Input data below:
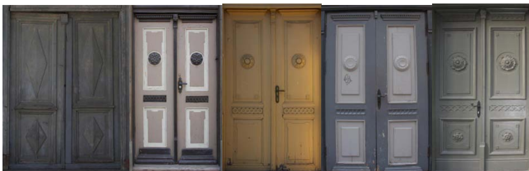
6., 7., 8., 9. un 10. attēls. Rāmja konstrukcijas divdalījuma ārdurvju vērtņu pāris Bauskā, Rīgas ielā 22 (SO), Liepājā, Johana Mittelmaņa ēkai Dīķa ielā 7 (SO), ēkai Skolas ielā 16 (SO), E. Veidenbauma ielā 8 (SO), A. Pumpura ielā 5 (SO)

Ventspilī rāmju konstrukcijas trīsdalījuma ārdurvju vērtnes vidējo pildiņu akcentēja zieda rozete (11. att.). Ārdurvju vērtņu pildiņu rotājumam iegrieza ģeometrisko dekoru – rombu (12., 13., 14., 15. un 17. att.) un dekoratīvus stūrīšus (11., 14. un 15. att.), bet profilētu ierāmējumu neveidoja. Ar rombu rotātā vidējā pildiņa stūrīšus akcentēja ar kokgriezumu (14. att.) vai arī pildiņa stūra laukumu līdz romba malai pārveidoja par dekoratīvu stūrīti (15. att.). Arī tad, ja vidējo pildiņu atstāja bez rotājuma, dekoratīvus stūrīšus tomēr veidoja (16. un 17. att.). Dzīvojamo ēku ārdurvīm bez virsloga vērtnes augšējā pildiņa vietu aizpildīja stiklojums (15. un 16. att.). Cokola daļā ievietoja gropētu pildiņu (11., 14., 16. un 17. att.).
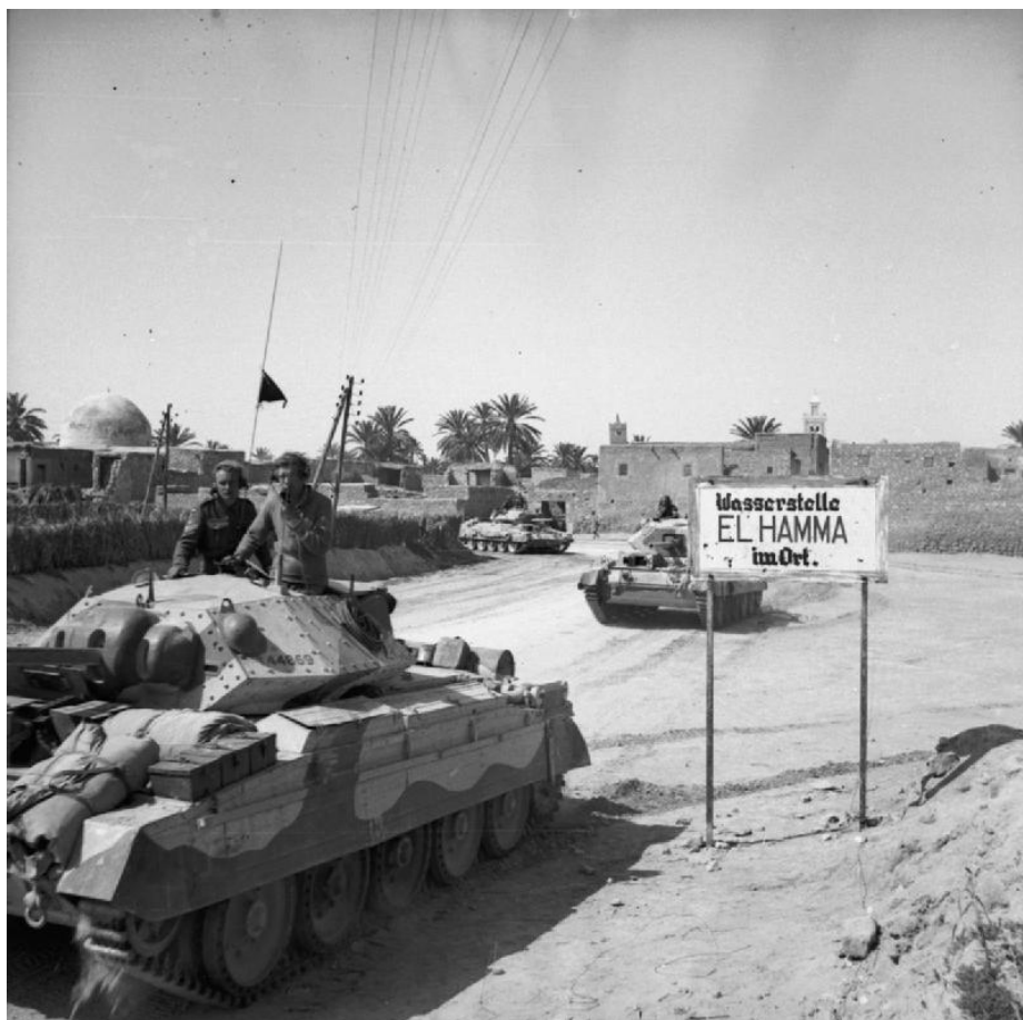
Крусейдеры/Crusaders 1-й Танковой Дивизии вступают в Эль-Хамму

29 марта Эль-Хамма и Габес были под контролем союзников. Вечером следующего дня их передовые части приблизились к позиции Chott . В ходе наступления британцы взяли около 7 000 пленных, что стало существенной потерей для Оси , и сильно потеснили противника на северо-востоке Туниса. Однако удерживавшие статичную линию обороны силы противника снова сумели избежать окружения и отступили по приказу своего командования.
End of Input data.
• Task description: The pictures alone are to be left out when the data above is copied; all else must match exactly.

• Task solution:
6., 7., 8., 9. un 10. attēls. Rāmja konstrukcijas divdalījuma ārdurvju vērtņu pāris Bauskā, Rīgas ielā 22 (SO), Liepājā, Johana Mittelmaņa ēkai Dīķa ielā 7 (SO), ēkai Skolas ielā 16 (SO), E. Veidenbauma ielā 8 (SO), A. Pumpura ielā 5 (SO)

Ventspilī rāmju konstrukcijas trīsdalījuma ārdurvju vērtnes vidējo pildiņu akcentēja zieda rozete (11. att.). Ārdurvju vērtņu pildiņu rotājumam iegrieza ģeometrisko dekoru – rombu (12., 13., 14., 15. un 17. att.) un dekoratīvus stūrīšus (11., 14. un 15. att.), bet profilētu ierāmējumu neveidoja. Ar rombu rotātā vidējā pildiņa stūrīšus akcentēja ar kokgriezumu (14. att.) vai arī pildiņa stūra laukumu līdz romba malai pārveidoja par dekoratīvu stūrīti (15. att.). Arī tad, ja vidējo pildiņu atstāja bez rotājuma, dekoratīvus stūrīšus tomēr veidoja (16. un 17. att.). Dzīvojamo ēku ārdurvīm bez virsloga vērtnes augšējā pildiņa vietu aizpildīja stiklojums (15. un 16. att.). Cokola daļā ievietoja gropētu pildiņu (11., 14., 16. un 17. att.).
Крусейдеры/Crusaders 1-й Танковой Дивизии вступают в Эль-Хамму

29 марта Эль-Хамма и Габес были под контролем союзников. Вечером следующего дня их передовые части приблизились к позиции Chott . В ходе наступления британцы взяли около 7 000 пленных, что стало существенной потерей для Оси , и сильно потеснили противника на северо-востоке Туниса. Однако удерживавшие статичную линию обороны силы противника снова сумели избежать окружения и отступили по приказу своего командования.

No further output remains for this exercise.